** Work task **
For this exercise, retype all the data exactly and exclude every image.

BEGIN Stored data

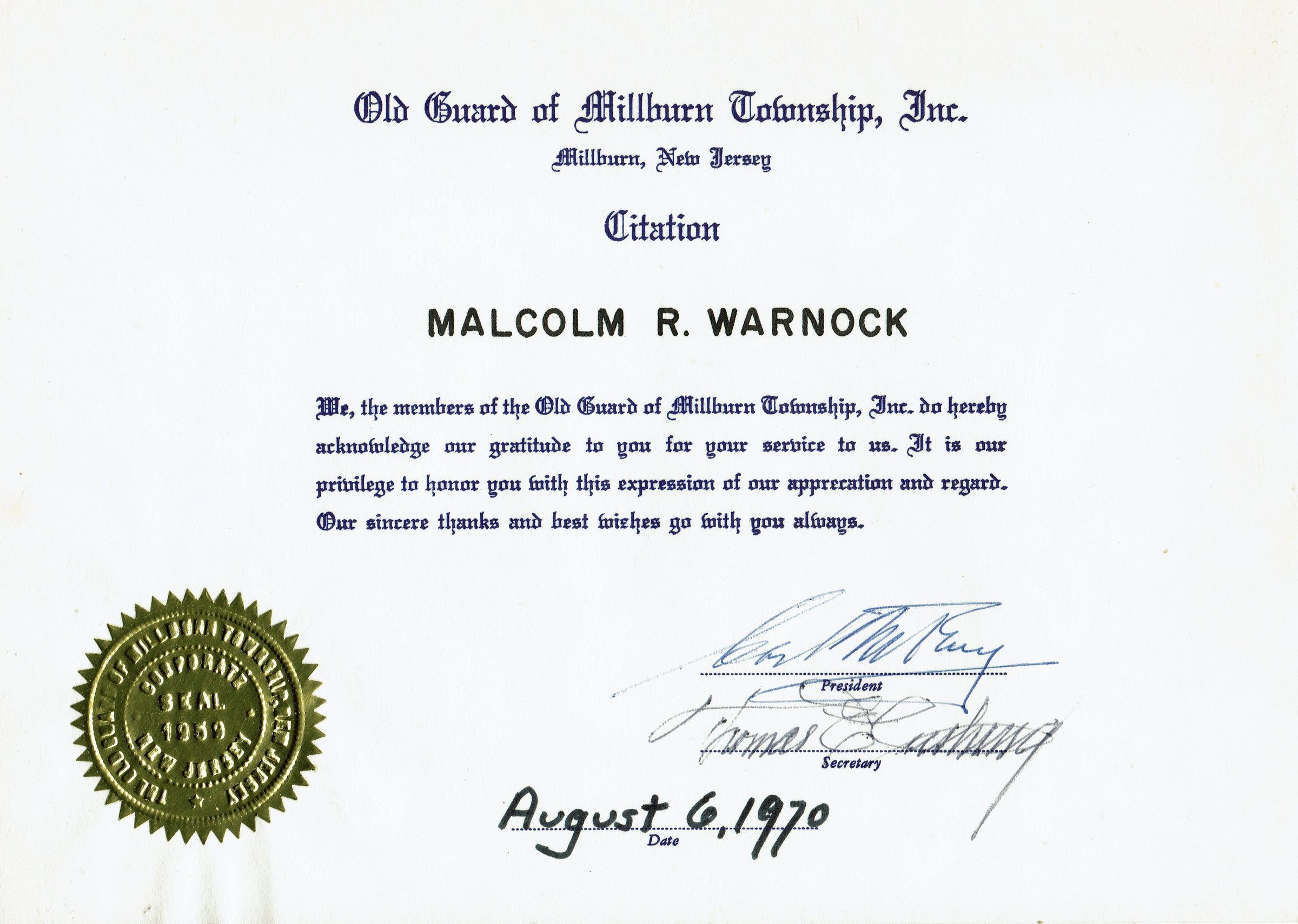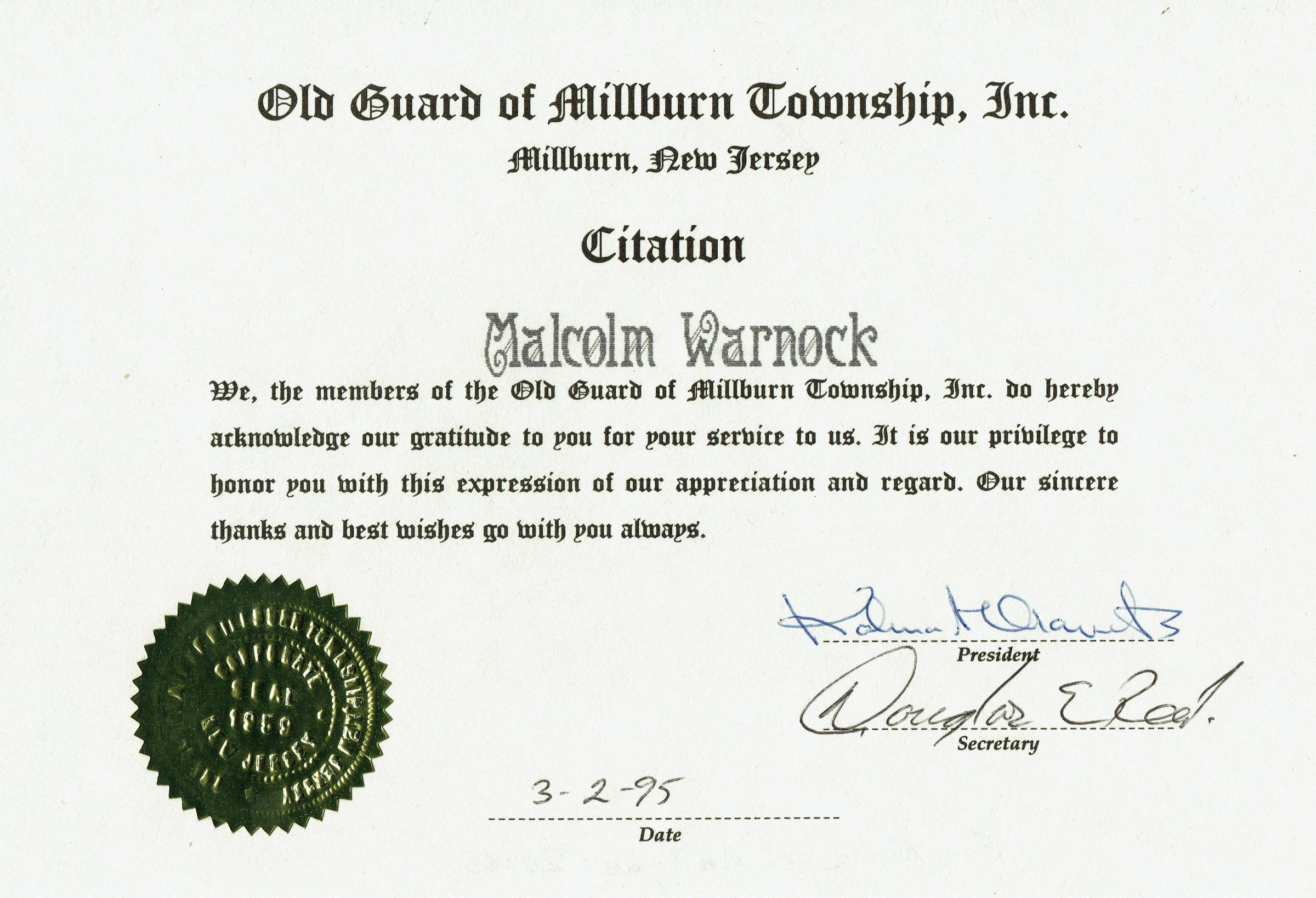 Citations from the Old Guard of Millburn Township, Inc., Millburn issued to Malcolm Warnock for his service from March 2, 1995 and August 6, 1970Collection
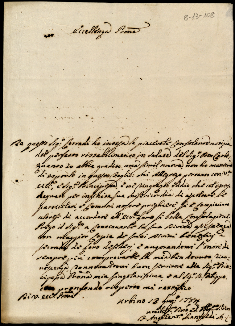 Lettere diverse ricevute in Colbordolo, Pesaro e Senigallia nel 1784
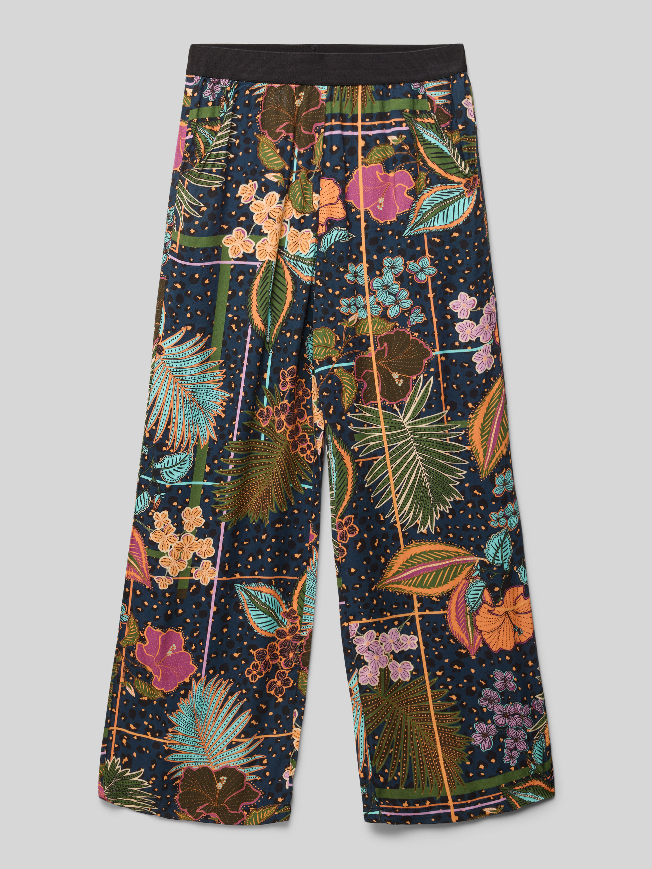 Spodnie szerokie o luźnym kroju z czystej wiskozy - granatowy

END Stored data

** Result of this task **
 Citations from the Old Guard of Millburn Township, Inc., Millburn issued to Malcolm Warnock for his service from March 2, 1995 and August 6, 1970Collection
 Lettere diverse ricevute in Colbordolo, Pesaro e Senigallia nel 1784
 Spodnie szerokie o luźnym kroju z czystej wiskozy - granatowy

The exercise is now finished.